Introduction Want to know how those large-scale neural networks are trained? OpenAI summarizes in an article: Besides needing many GPUs, algorithms are also crucial!

Many advancements in AI today are attributed to large neural networks, especially the pre-trained models provided by large companies and research institutions, which have significantly propelled the progress of downstream tasks.

However, training a large neural network from scratch is not simple. The first challenges include handling massive amounts of data, coordinating multiple machines, and scheduling numerous GPUs.

Mentioning “parallelism” often brings to mind many hidden bugs.

OpenAI Secrets Revealed: A Guide to Training Large Neural Networks

Recently, OpenAI released an article detailing some of the techniques and underlying principles for training large neural networks, completely eliminating your fear of parallelism!

For example, in parallel training of a three-layer neural network, parallelism can be divided into data parallelism, pipeline parallelism, tensor parallelism, and expert parallelism.
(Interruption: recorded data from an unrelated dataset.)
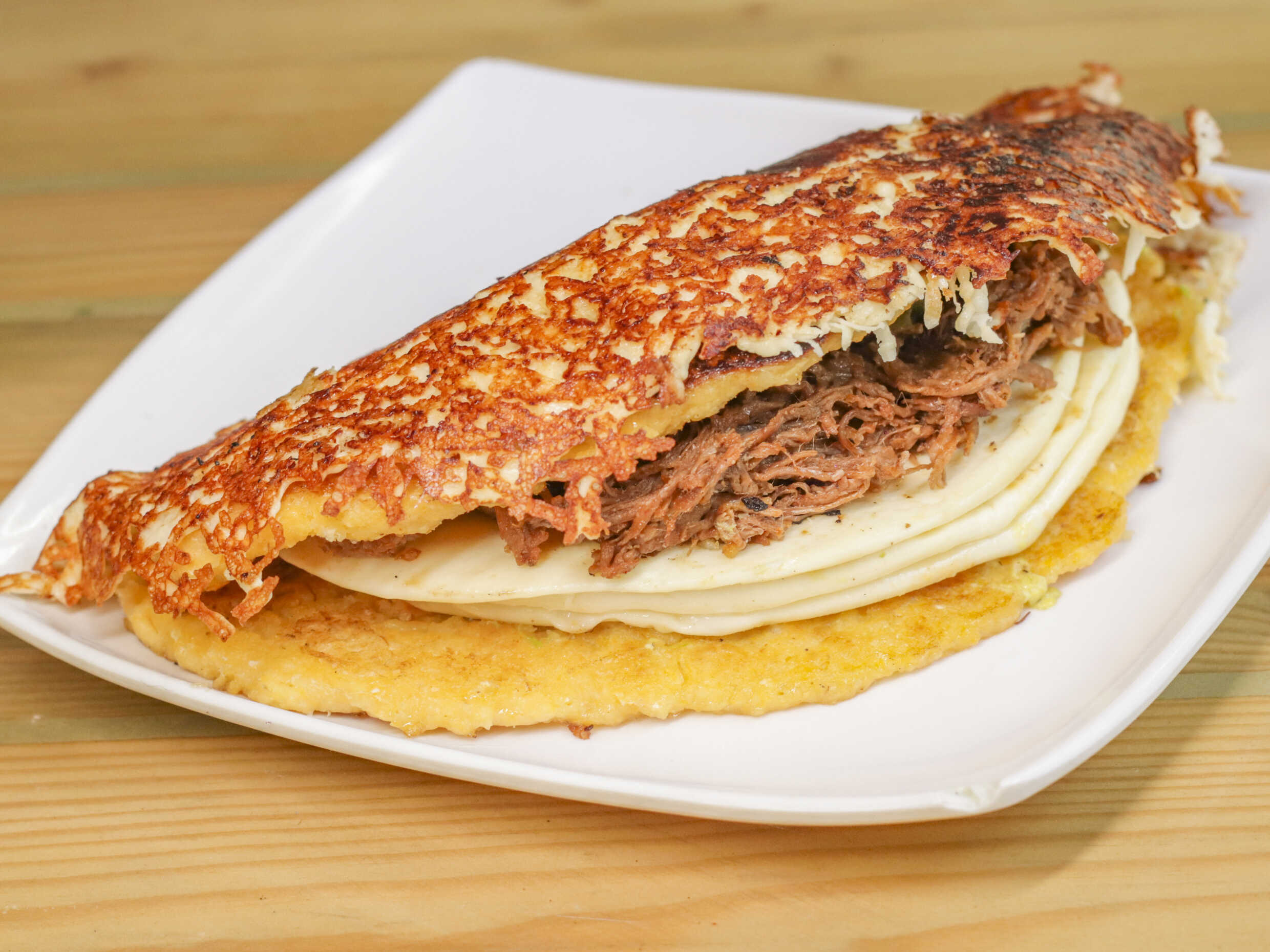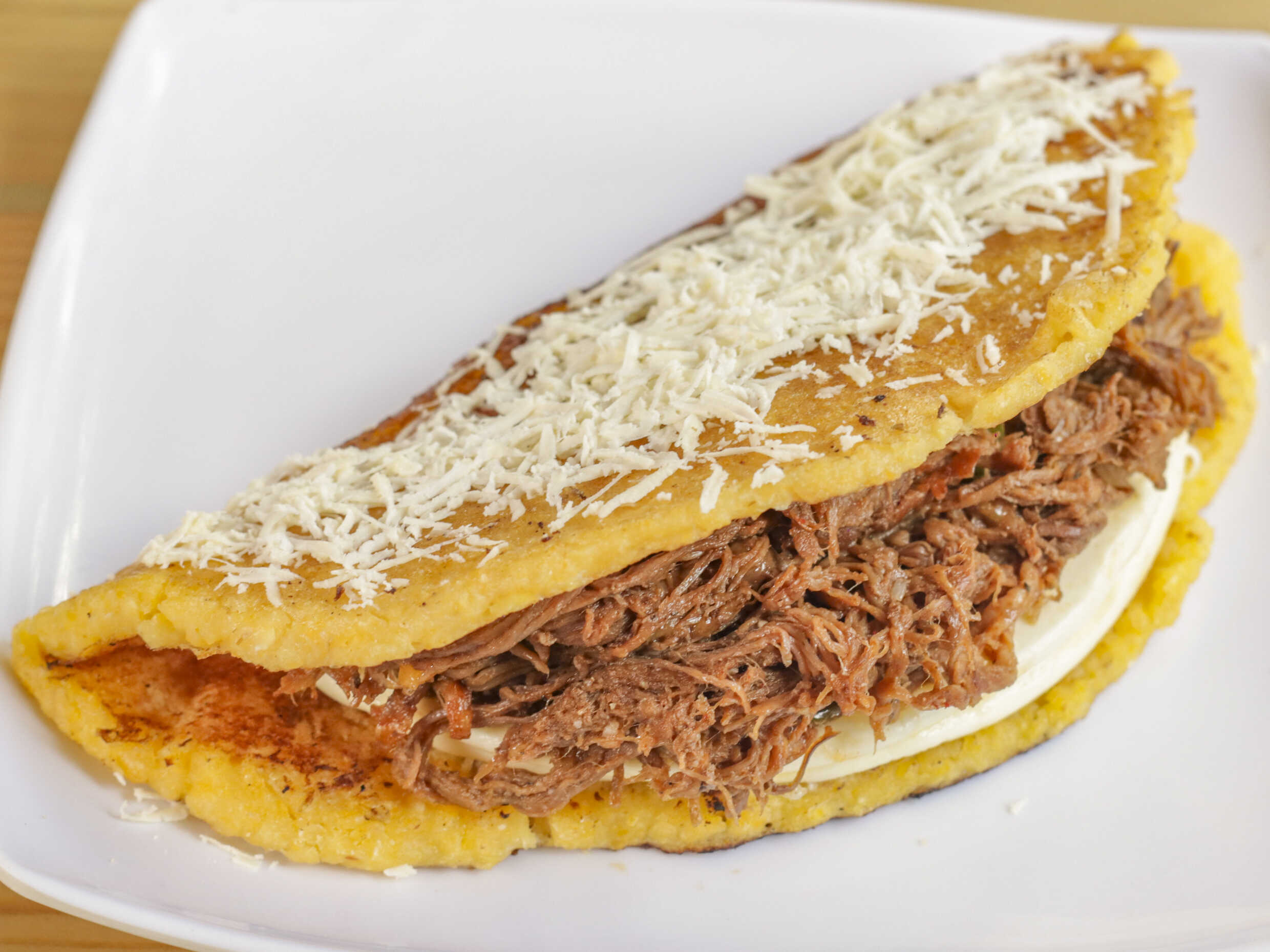 Arepa venezolana con carne desmechada y queso cheddar premium rallado.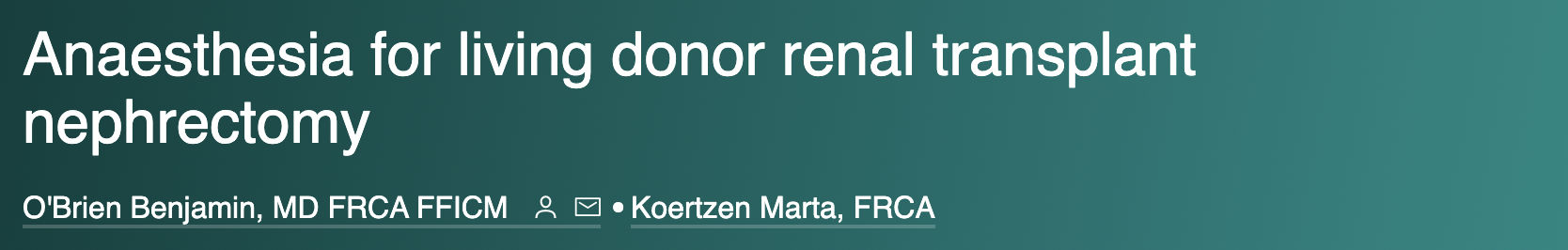 In the exceedingly unlikely event that they ask you about anaesthetising the donor for a living donor transplant, here are the key points: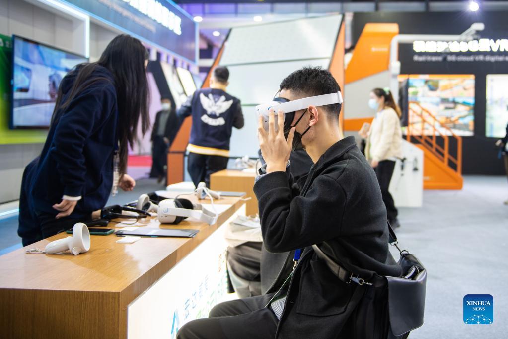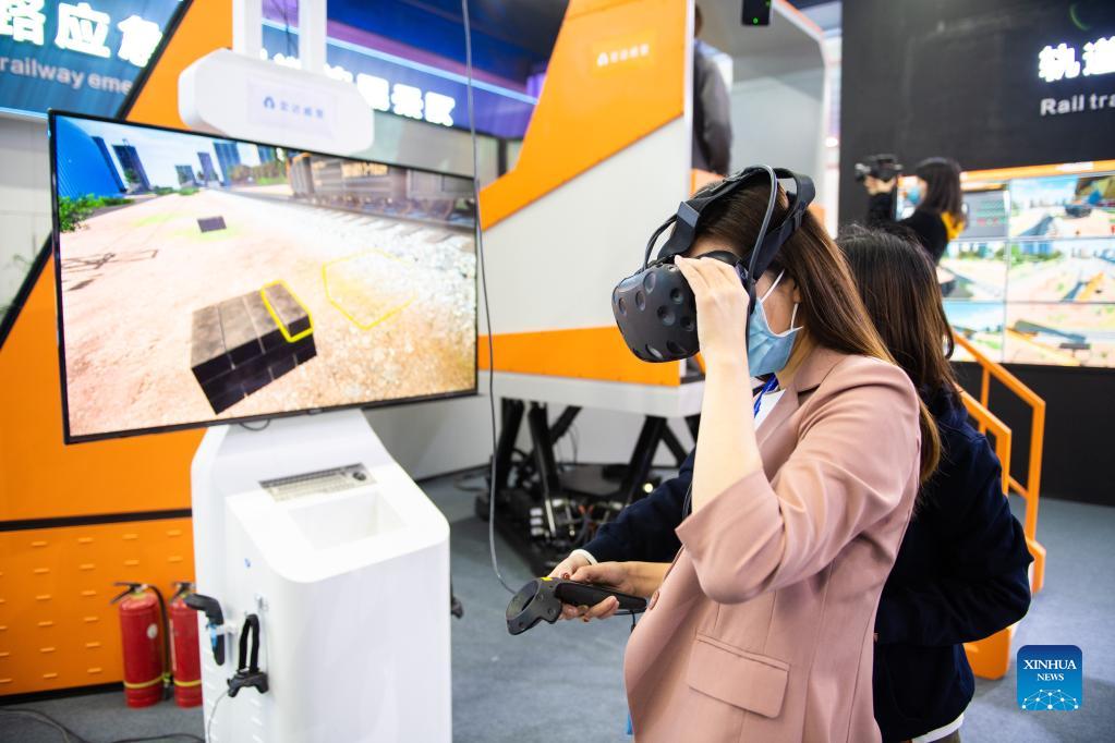 A man tries a VR device at China International Rail Transit and Equipment Manufacturing Industry Exposition in Zhuzhou, central China's Hunan Province, Dec. 8, 2021. The expo kicked off here on Wednesday. (Xinhua/Chen Sihan)
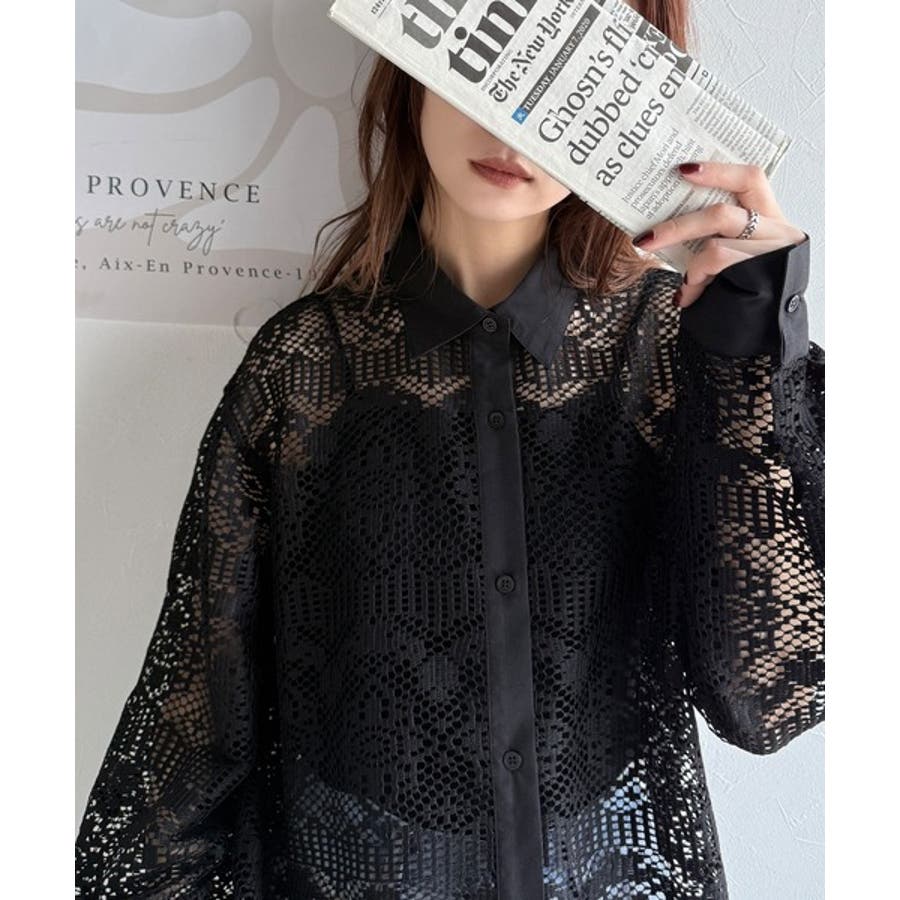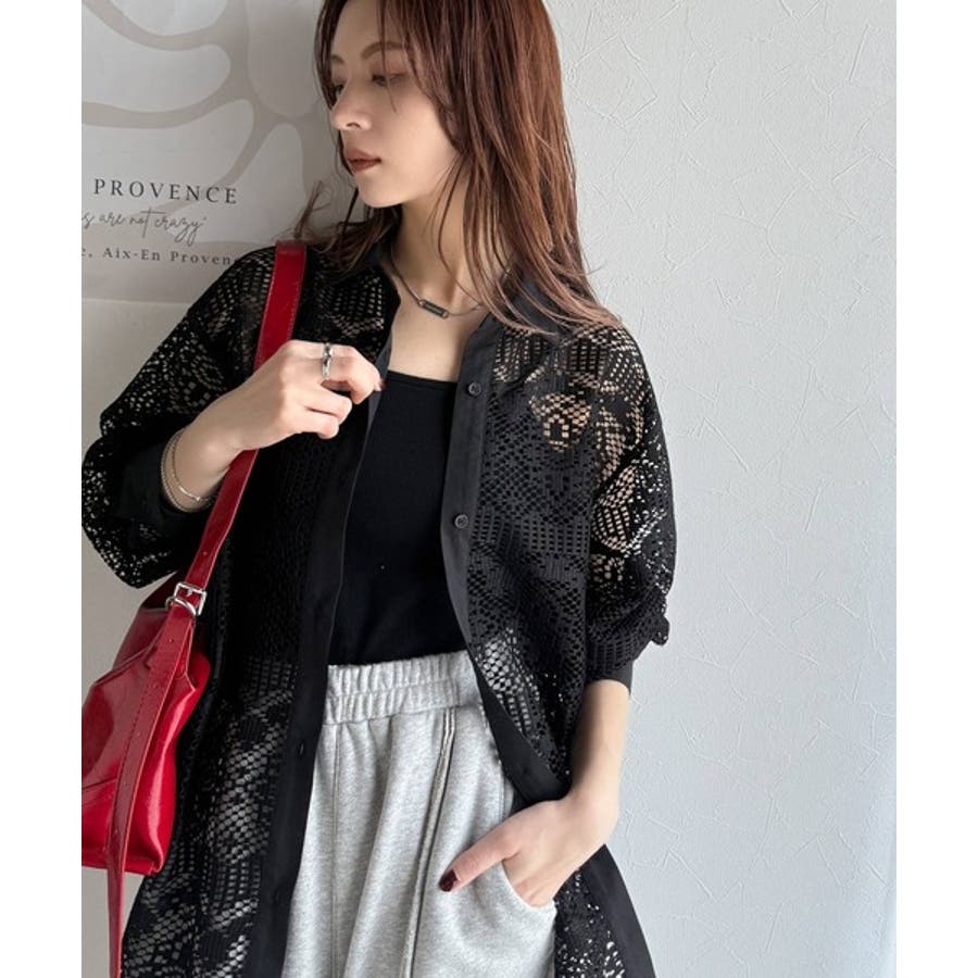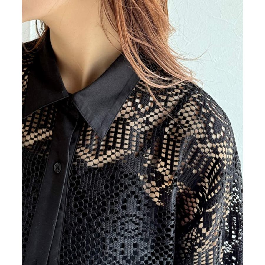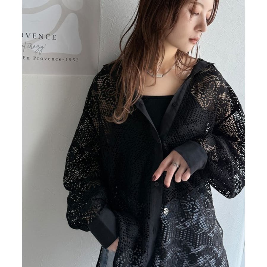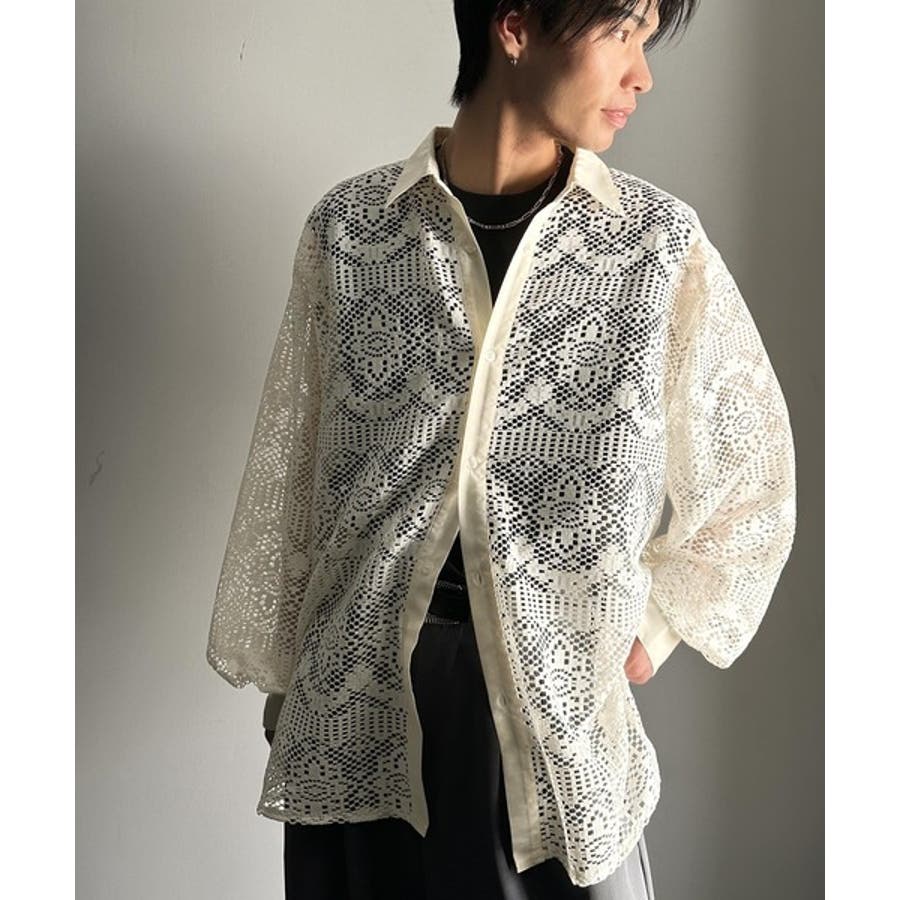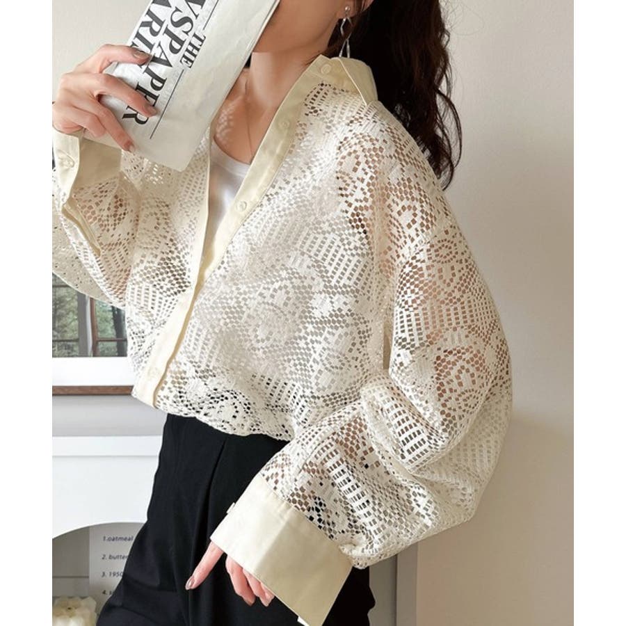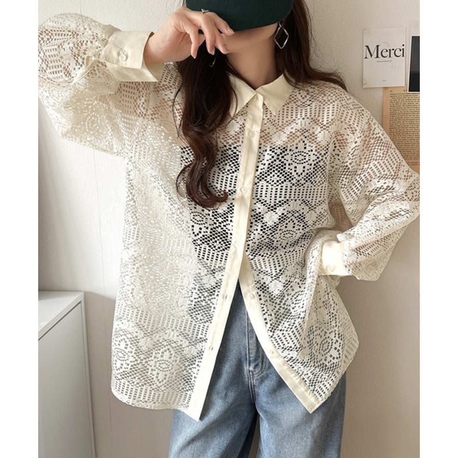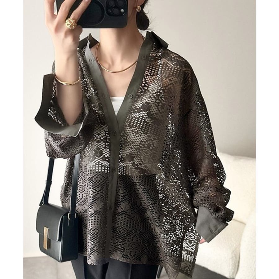 透け感が美しい、レース素材が魅力のオーバーサイズシャツ。

The different colors in the diagram represent different layers, and the dashed lines separate different GPUs.

It sounds like a lot, but understanding these parallel techniques actually only requires some assumptions about the computational structure and an understanding of the flow direction of data packets.

Training Process Without Parallelism

Training a neural network is an iterative process.

In one iteration, input data passes through the layers of the model, and after the forward pass, the output for each training instance in a batch of data can be calculated.

Then, the layers propagate backward, calculating the gradient for each parameter to determine its influence on the final output.

The average gradient for each batch of data, along with parameters and the optimization state for each parameter, is passed to an optimization algorithm, such as Adam, which can compute the next iteration’s parameters (which should perform better on your data) and the new optimization state for each parameter.

As training iterates over massive amounts of data, the model continuously evolves, producing increasingly accurate outputs.

Throughout the training process, various parallel techniques will slice the process across different dimensions, including:

1. Data parallelism, which means running different subsets of a batch on different GPUs;

2. Pipeline parallelism, which means running different layers of the model on different GPUs;

3. Tensor parallelism, which involves splitting a single operation (like matrix multiplication) across different GPUs;

4. Mixture of Experts (MoE), which means using only a portion of each layer to process each input instance.

The GPUs mentioned in parallelism are not limited to GPUs only; these ideas are equally applicable for users of other neural network accelerators.

Data Parallelism

Data parallel training means copying the same parameters to multiple GPUs (often referred to as workers) and assigning different instances to each GPU for simultaneous processing.

Pure data parallelism still requires the model to fit within the memory constraints of a single GPU. If you leverage multiple GPUs for computation, the cost is storing many duplicate copies of parameters. Some strategies can increase the effective RAM available on your GPUs, such as temporarily unloading parameters to CPU memory between uses.

When each data parallel worker updates its parameter copy, they need to coordinate to ensure that each worker continues to have similar parameters.

The simplest method is to introduce blocking communication between workers:

1. Independently compute gradients on each worker;

2. Average gradients across workers;

3. Independently compute the same new parameters on each worker.

Step 2’s blocking requires transferring a significant amount of data (proportional to the number of workers multiplied by the size of the parameters), which can significantly reduce training throughput.

Although various asynchronous synchronization schemes exist to eliminate this overhead, they can compromise learning efficiency; in practice, researchers usually stick to synchronous methods.

Pipeline Parallelism

Pipeline parallel training means splitting the sequential blocks of a model across different GPUs, with each GPU holding only a portion of the parameters, thus reducing the memory footprint of the same model on each GPU.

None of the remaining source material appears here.